Questo contributo ha come scopo principale quello di puntare un cono di luce, deciso e abbagliante, sulla carenza della tutela preventiva e protettiva, che deve essere concreta ed urgente verso i minori e le persone poste in posizione di vulnerabilità.
Ciò va inteso senza limitazione di genere, o inclinazione sessuale, riguarda tutti, nessuno escluso.

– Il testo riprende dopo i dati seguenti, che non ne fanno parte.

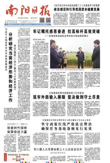 【南阳日报简介】《南阳日报》创刊于1949年3月22日,是南阳市委的机关报,《南阳日报》是河南省创刊较早的地方报。《南阳日报》与时俱进,已连续八年四届被评为河南省“一级报纸”。把党报的指导性、知识性、趣味性、可读性有机结合在一起,赢得读者的广泛赞誉,大大提高了《南阳日报》的自费市场占有率,《南阳日报》稳定发行量达14万多份,其中中心城市近5万份,日阅读人数达56万人次以上,跻身全国同类报纸前十名,在本市纸质媒体中遥遥领先,成为本市当之无愧的主流媒体、强势媒体。
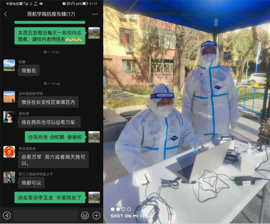 工会主席和麟,青年教师戴维、殷之平等协助完成核酸检测任务,民航研究院常务副院长李晨主动参加门卫值勤等任务,党总支副书记袁源带领学工队伍在疫情一线为学生送饭、值勤等,督促学生做好疫情防控工作和思想教育工作。还有吴向清、张哲、孟岭超等一批党员同志主动申请参加志愿抗疫服务。

Senza allarmismi, riguarda i genitori che ignari delle insidie di cui sono ancora intrisi gli spazi parrocchiali e di vita comunitaria vi affidano i propri figli. Spazi da non potersi realisticamente reputare protettivi e, teniamo a sottolineare, non limitabili alle responsabilità di prevenzione e contrasto imputabile alla sola chiesa cattolica.
Tuttavia seppur convinti che i predatori sessuali, sono tutti uguali, con o senza abito talare, occorre prendere atto che lo stato delle cose non impedisce loro né di colpire, né di ripetere il crimine.
E’ altrettanto importante evidenziare che “Spotlight on Italian survivors” così come ogni attività posta in essere dall’Associazione, trattando o rimandando ad inchieste giudiziarie, a procedimenti penali non ancora conclusi, induce a ritenere innocenti tutte le persone citate a vario titolo – consacrate e non - seppur condannate nei primi gradi di giudizio.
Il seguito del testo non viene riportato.